The  logo
Follow our blogs feed  blogs feed

Citation

  • The Pharmaceutical Journal
  • 2011;
  • 286:
  • 314

Sad image of pharmacy’s US role

By Bystander
12 Mar 2011

A UK pharmacist who fails to intervene when presented with a potentially dangerous prescription is assumed in law to share the blame for any harm that comes to the patient. I was therefore shocked to learn that in the US, in a case arising from the death of a patient, the Arkansas supreme court has ruled that pharmacists have no duty to warn patients about possible drug interactions.

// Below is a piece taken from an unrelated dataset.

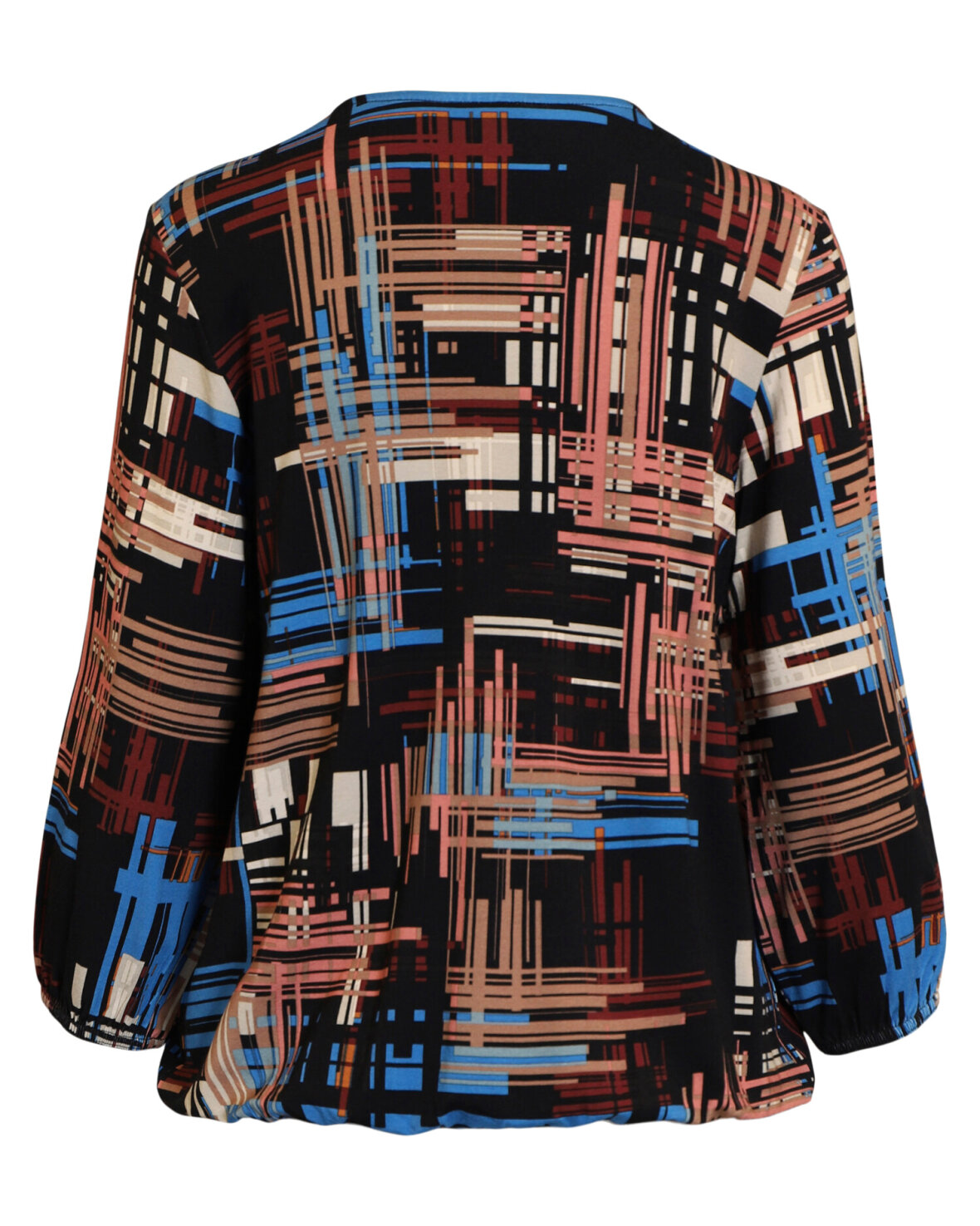 T-SHIRT 213919 - SIGNATURE er en super lækker og smart T-shirt i blød og lækker kvalitet. T-shirten har en flot rund halsudskæring og et smukt gennemgående mønster i flotte nuancer. Ærmerne er halvlange og afsluttes med en smal kant i elastik, hvor stoffet folder flot omkring. Bunden af T-shirten afsluttes ligeledes med samme elastikkant.Kvalitet: Viskose: 95%, Elasthan: 5%

Hearing a malpractice complaint filed by a patient’s family against both the prescriber and the dispensing pharmacy, the court was told that the patient had consulted the doctor about face pain. For this he had been prescribed an astonishing cocktail of drugs: Norflex (orphenadrine), Zoloft (sertraline), OxyContin (sustained release oxycodone), Percocet (oxycodone and paracetamol), Valium (diazepam), lorazepam, methadone, propoxyphene and doxepin.

To make matters worse, the patient was already taking several of these products, plus Ambien (zolpidem), trazodone and Effexor (venlafaxine).

Four days after receiving his drugs the patient was dead. An autopsy report blamed his demise on “mixed drug intoxication”.

If we ignore the paracetamol, which has no significant known interactions with the other drugs, the patient was taking 11 potent drug substances, with a total of 55 possible two-drug interactions. According to one independent online drug interaction checker, 52 of the 55 pairings present a risk of interaction — 17 major, 34 moderate and one minor.  

If that alone was not enough to alert the pharmacist, the doctor was already notorious locally for reckless prescribing and had had his prescription-writing privileges suspended by the state medical board on several occasions.

How can any pharmacist supply such a dangerous assortment of drugs, prescribed by a known maverick, and offer the patient no warnings?

Sadly, the court’s ruling may mean that more will ignore professional integrity and put their patients at risk by offering no more than a mindless supply function.

This story is quite the

This story is quite the tragedy, only made worse by the confusion presented by the ruling. Hopefully this will not influence UK practice.